«Je suis à une paie près d’être à leur place »

À Québec, les propos haineux d’un restaurateur contre les personnes itinérantes ont suscité l’indignation, révélant une colère grandissante contre un système qui criminalise les pauvres pendant que les véritables responsables de la misère s’enrichissent.
  • Kelly-Anne et Giovanni, Québec
  • jeu. 13 nov. 2025
Partager

« La ville devrait avoir un lieu de rétention, idéalement l’ancien poste de police. »

À en croire ces propos, on pourrait penser que la ville de Québec est aux prises avec de dangereux criminels. Pourtant, ils ont été tenus à l’égard des personnes itinérantes par un restaurateur connu du quartier Saint-Roch, Napoléon Woo, qui se présentait cet automne à la course électorale municipale.

Monsieur Woo ne s’est pas arrêté à dire qu’il faudrait mettre les plus pauvres en prison. Il s’est aussi indigné lors du lancement de sa campagne d’une « culture » de l’itinérance qu’il faudrait abolir.

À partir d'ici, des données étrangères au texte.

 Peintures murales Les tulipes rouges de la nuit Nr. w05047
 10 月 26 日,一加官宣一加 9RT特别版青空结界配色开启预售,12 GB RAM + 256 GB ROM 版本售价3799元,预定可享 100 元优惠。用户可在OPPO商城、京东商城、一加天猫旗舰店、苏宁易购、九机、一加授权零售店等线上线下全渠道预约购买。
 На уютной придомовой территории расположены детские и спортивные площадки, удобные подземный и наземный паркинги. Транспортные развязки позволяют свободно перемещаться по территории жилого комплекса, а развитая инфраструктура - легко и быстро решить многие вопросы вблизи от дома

En effet, selon le commerçant, il y a des itinérants à cause… du filet social! Des gens choisiraient de vivre dans la rue, puisque ça leur permettrait de ne pas avoir à travailler et d’être logés et nourris gratuitement, sans risquer de mourir de froid. Les travailleurs précaires du quartier étaient heureux d’apprendre de la bouche de M. Woo, que « personne n’a besoin de travailler pour vivre, à Québec ». Vivons-nous dans une utopie sans le savoir depuis tout ce temps?

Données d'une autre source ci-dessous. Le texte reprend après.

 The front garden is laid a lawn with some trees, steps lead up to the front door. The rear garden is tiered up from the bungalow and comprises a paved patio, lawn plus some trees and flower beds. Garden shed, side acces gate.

Sarcasme à part, M. Woo, ne retirant pas les mots qui ont fait scandale, s’est retiré de la campagne électorale après seulement quelques jours, affirmant dans une entrevue qu’il était « écœuré des médias ». En vérité, ses propos n’ont pas passé auprès de la communauté et des comités qui se sont empressés de dénoncer de tels mensonges.

Marx écrivait dans Le Capital que « l’accumulation de richesse à un pôle signifie donc en même temps à l’autre pôle une accumulation de misère ».

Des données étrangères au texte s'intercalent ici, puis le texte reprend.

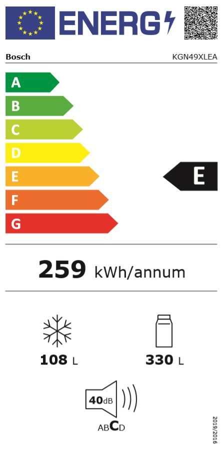 Prostostoječi hladilnik z zamrzovalnikom na spodnjem delu se uvršča v energijski razred E in ima skupno prostornino 438 litrov. Prostornina hladilnega dela znaša 330 litrov, prostornina zamrzovalnega pa 108 litrov. Odlikujejo ga številne priročne funkcije, med katerimi so tudi VarioZone predali, izvlečne police za lažji dostop in boljši pregled nad hrano, dva hladilna krogotoka ter možnost super zamrzovanja.

Cette misère se manifeste entre autres avec une montée de l’itinérance, particulièrement dans le quartier Saint-Roch à Québec. C’est une situation qui empire depuis quelques années avec la hausse des coûts du logement, tandis que les refuges du quartier manquent de ressources.

La semaine dernière, un passant, s’adressant à une camarade du quartier qui était témoin d’une intervention policière envers une personne itinérante, lui a dit que « c’est complètement hypocrite de criminaliser le fait d’être pauvre. Je vis dans un 4 et demi pis j’arrive pas… Avant ces gens-là me dérangeaient, mais aujourd’hui je sais que je suis à une paie près d’être à leur place ».

Cet homme avait entièrement raison. La classe dirigeante criminalise des gens qui n’ont nulle part d’autre où aller que dehors.

La tactique de diviser pour mieux régner ne fonctionne plus comme avant. Les mensonges haineux de Monsieur Woo envers les opprimés ne sont pas passés auprès de la population, car une couche grandissante qui avait auparavant des préjugés envers les itinérants, s’identifie à leur sort.

Ceux qui font en sorte qu’il y a des gens sans toit sont les mêmes à qui nous payons difficilement le loyer chaque mois. Ce sont eux, les vrais criminels.